Ruling classes exploited these outward differences to prop up a pseudo-scientific theory of natural, biological inequality among people. Proponents of that theory insisted that "higher" and "lower", noble and ignoble races exist — that some consist of born masters with a "natural right" to rule while others are slaves "by their very nature". This is the fiction that anthropologists such as Audrey Smedley and Jonathan Marks have spent careers dismantling.
Races and the anthropological types of humanity
The anthropological "types" invoked by race theorists were never sharp, self-contained categories. It is impossible to draw firm lines between them: often one cannot say where one race ends and another begins. By hair form, Australians resemble Europeans; by nose shape, lip form, and skin colour they resemble Black Africans. Europeans and Australians share another trait — abundant body and facial hair — while Mongoloid and Black populations have almost none. American Indians resemble Mongoloid peoples in hair form and skin colour but Europeans in nose and lip shape, and the Sámi (Lapps) form a kind of connecting link between European and Mongoloid populations.
Because human populations grade continuously into one another and have mixed throughout history, no "pure" race exists, and racial traits are neither fixed nor decisive. Whether a person has soft curly hair or straight coarse hair, prominent cheekbones or a particular nose shape has no bearing whatsoever on intellect, talent, or capacity for work. Every human population, without exception, shares the features that arose through upright walking and labour — the hand, the distinctive foot, a highly developed brain and consciousness, articulate speech — and even in blood there are no racial differences, since all known blood groups occur equally across every population. In every essential bodily respect, the races of humanity are alike.
The difference between race and ethnicity
Race and ethnicity are distinct concepts that racist thinking deliberately blurs. Race, as it was historically constructed, refers to imagined biological groupings based on visible physical traits; ethnicity refers to shared culture — language, religion, ancestry, customs, and collective identity — which a person can adopt, transmit, and change. Sociologists distinguish ethnocentrism (judging other cultures by the standards of one's own) from racism proper, which claims an unalterable natural hierarchy. Confusing the two allowed race theorists to treat cultural groups, "illegitimately called races", as if they were fixed biological kinds.
The origin of the word "race": etymology of the term
The word "race" entered the major European languages only in the late fifteenth and sixteenth centuries, initially meaning a lineage or breeding stock rather than a scientific category. The French physician François Bernier is often credited with one of the first attempts, in the seventeenth century, to divide humanity into a small number of "races" by physical appearance. As historians of the concept such as George M. Fredrickson have shown, the term drifted over time from a loose label for descent groups toward the rigid biological classification that scientific racism would later claim as fact.

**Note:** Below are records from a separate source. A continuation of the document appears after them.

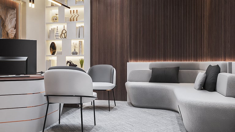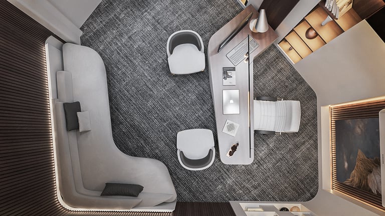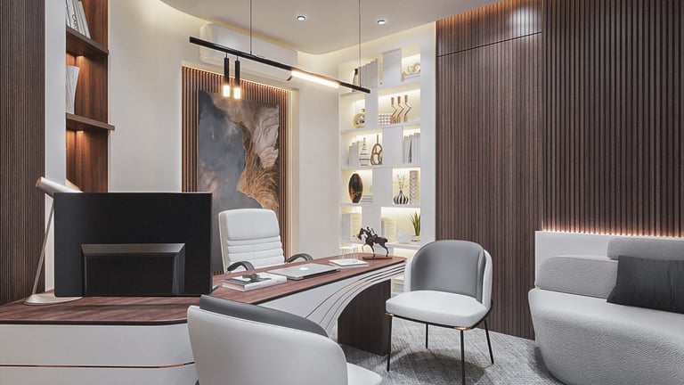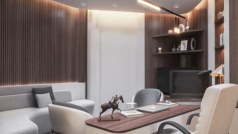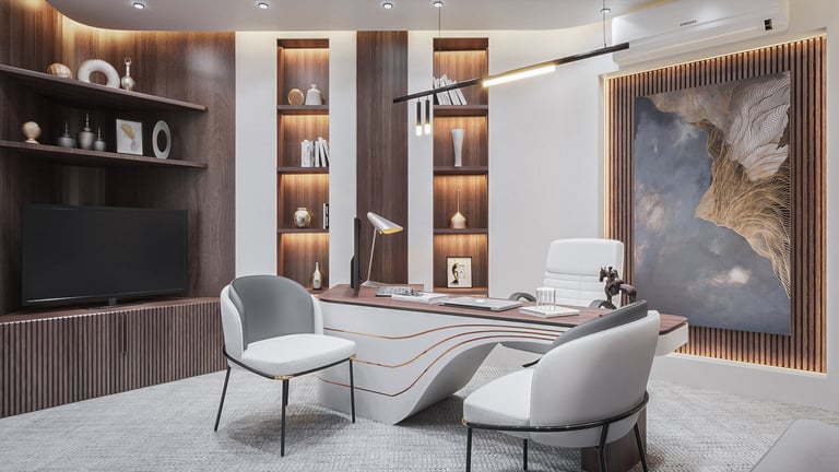 On an area of 15 square meters, it was requested to design an office that looks luxurious in a modern style using light colors.
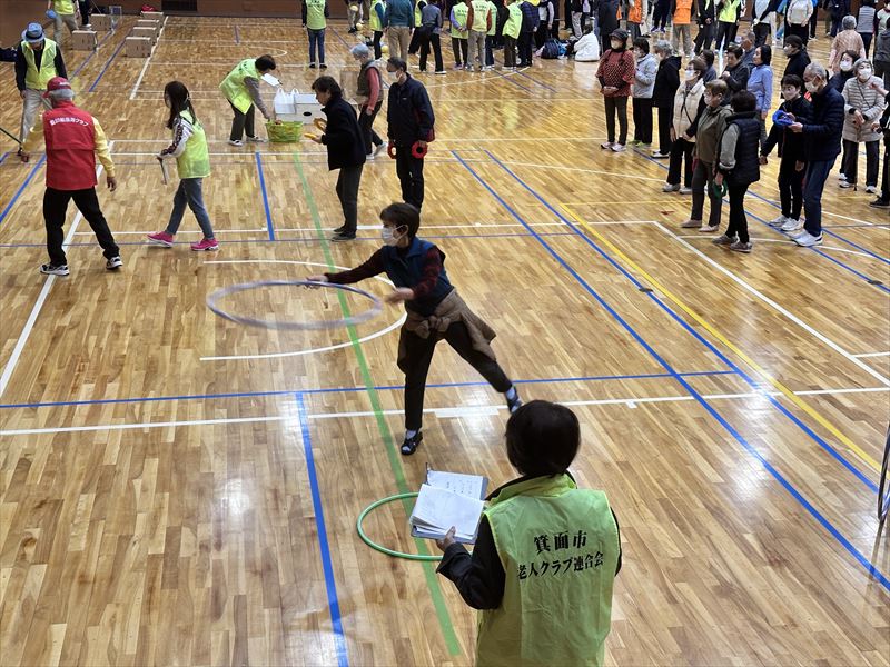 当日は、市老連会長の挨拶に続き、原田市長から激励のお言葉をいただき、準備体操を終えて、いよいよ競技がスタートしました。輪投げ、ピンボウリング、フリスビー、グラウンド・ゴルフなど、計10種目の競技に挑戦しました。
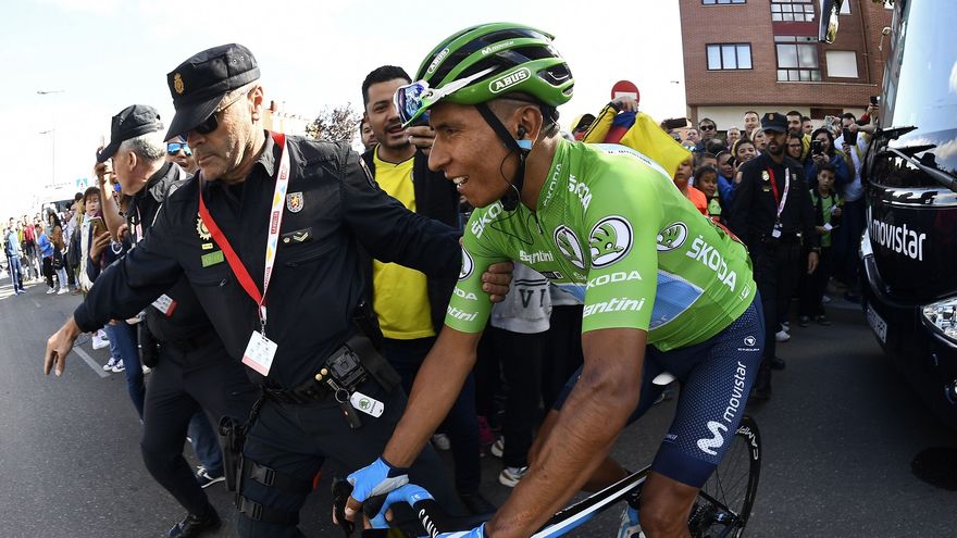 El ciclista colombiano del Movistar Nairo Quintana se mostró feliz este miércoles tras colocarse en segunda posición de la Vuelta a España asegurando que "aquí estamos nuevamente" después de meterse en la lucha por la carrera.
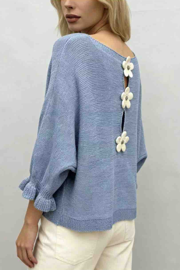 - Modelul are o croială confortabilă, potrivită pentru orice siluetă, și un decolteu rotund cu flori spectaculoase pe spate.
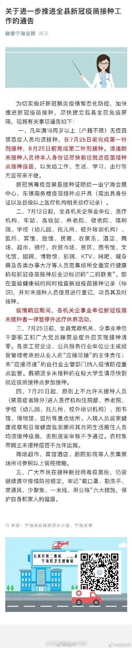 根据通知,7月25日前,宁海县党政机关、企事业单位干部职工和党员除有禁忌症外应实现接种清零。各类工贸企业、公共服务行业单位业主或经营管理者承担从业人员“应接尽接”的主体责任,未“应接尽接”的由行业主管部门纳入防控重点监管。
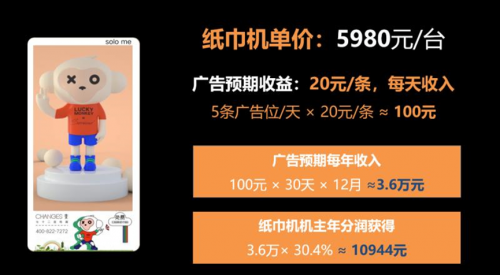 一台嗦啦咪(solome)共享纸巾机仅需要5980元,购买后即为屏主,每天所产生的收益30%是投资的这个屏主所有,每天结帐,天天收钱。也就是说,只需要5980元的入门资金,无需通过拉人头而赚取利益,投资收益率高,在家里就能收到24小时工作的嗦啦咪(solome)共享纸巾机带给你的收入。
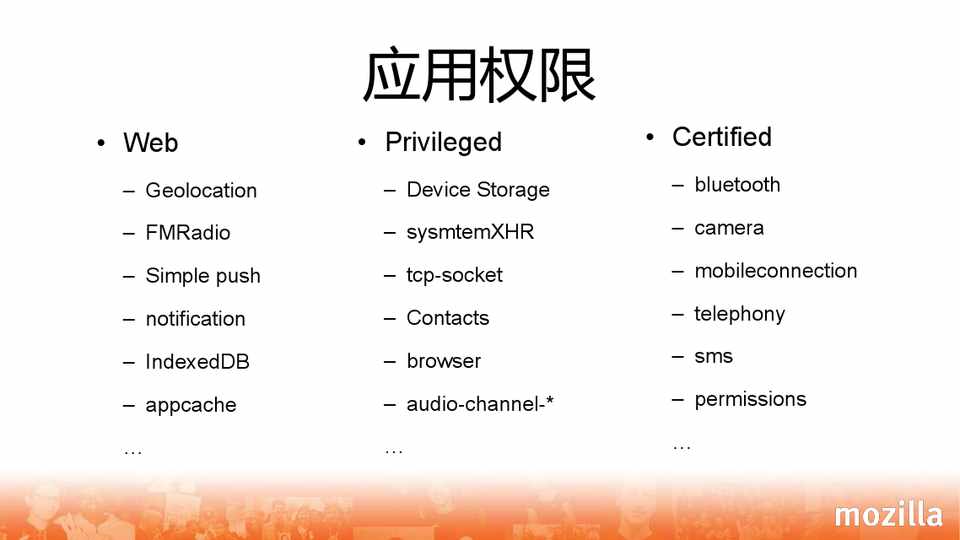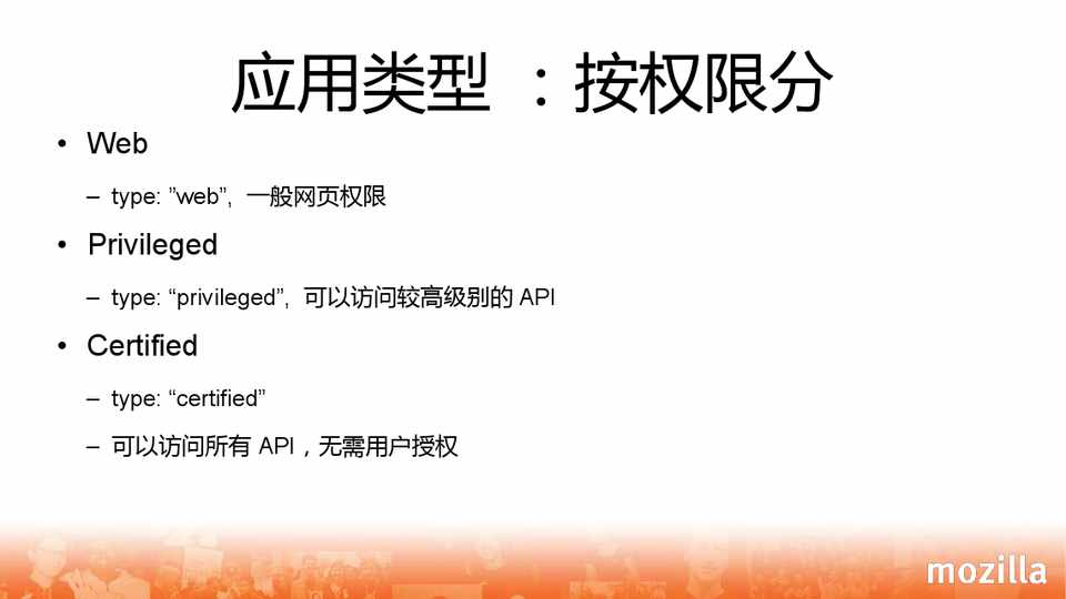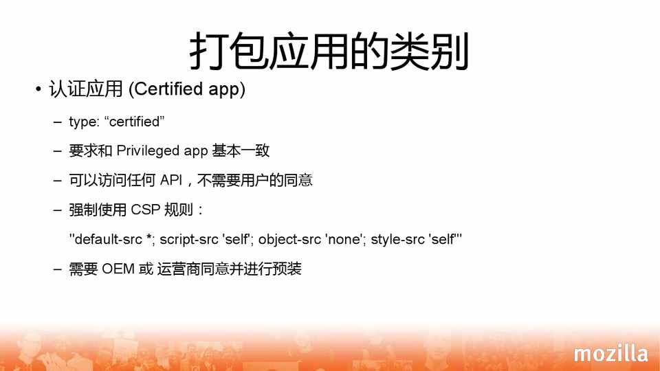 – type: “certified” – 要求和 Privileged app 基本一致 – 可以访问任何 API,丌需要用户的同意 – 强制使用 CSP 规则:
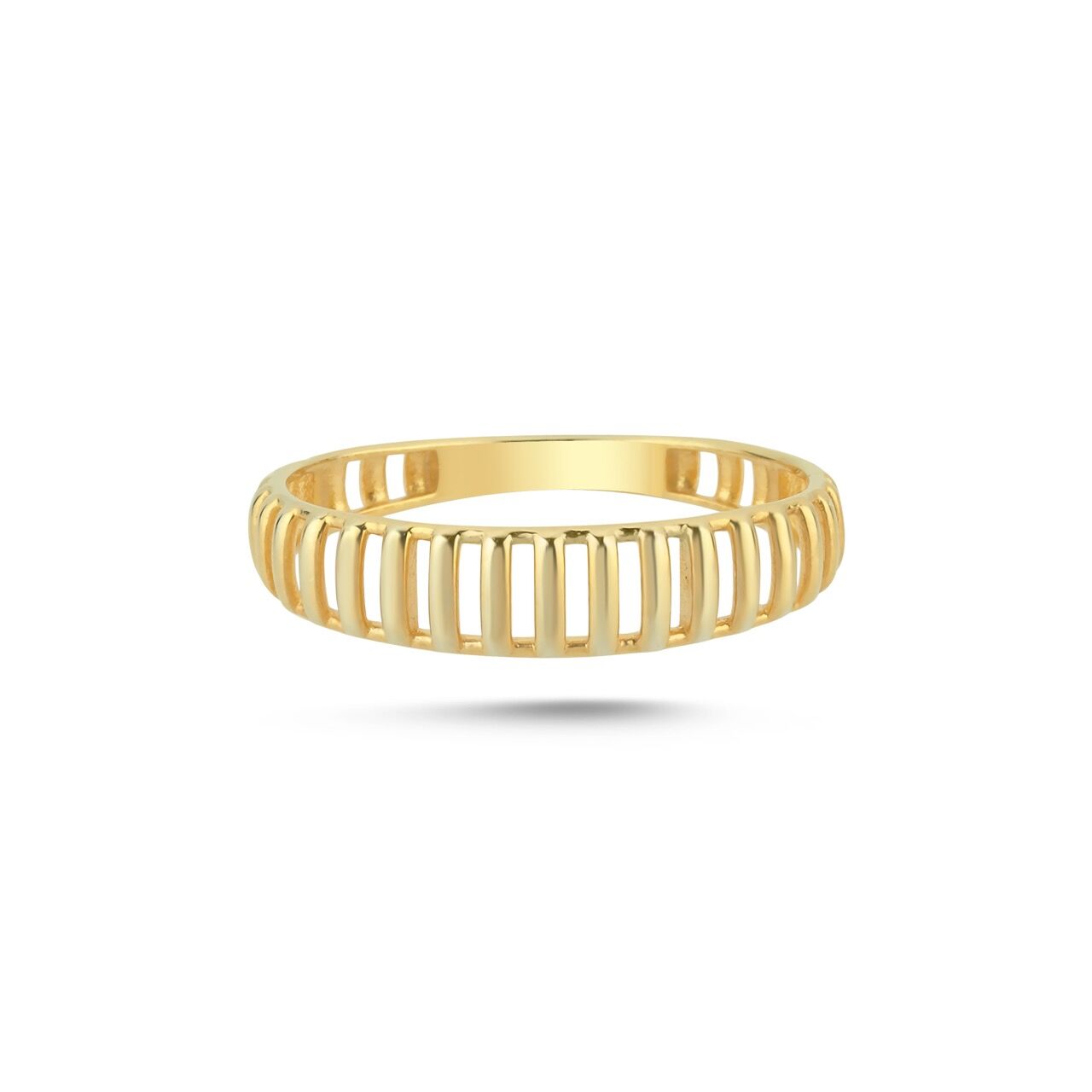 Dış yüzeyinde ritmik dikey boşluklarla şekillenen bu yüzük, sade formu modern bir mimari etkiyle buluşturur. Işığı kontrollü şekilde yansıtan yapısı sayesinde minimal ama karakterli bir duruş sergiler. Tek başına net bir stil sunar, stacking kombinlerde ise güçlü bir tamamlayıcıdır.

The history of racism: how the theory of racial inequality took shape
Racism as a systematic ideology developed alongside European expansion at the close of the Middle Ages and the dawn of the capitalist era. Its roots lie partly in the older antisemitism of medieval and early modern Europe, where Jews were subjected to religious hostility, expulsion, and legal exclusion, and partly in the drive of European merchants and adventurers to seize the wealth of distant lands. The theory of racial inequality was not the cause of conquest but its justification, manufactured after the fact to make exploitation appear lawful and natural.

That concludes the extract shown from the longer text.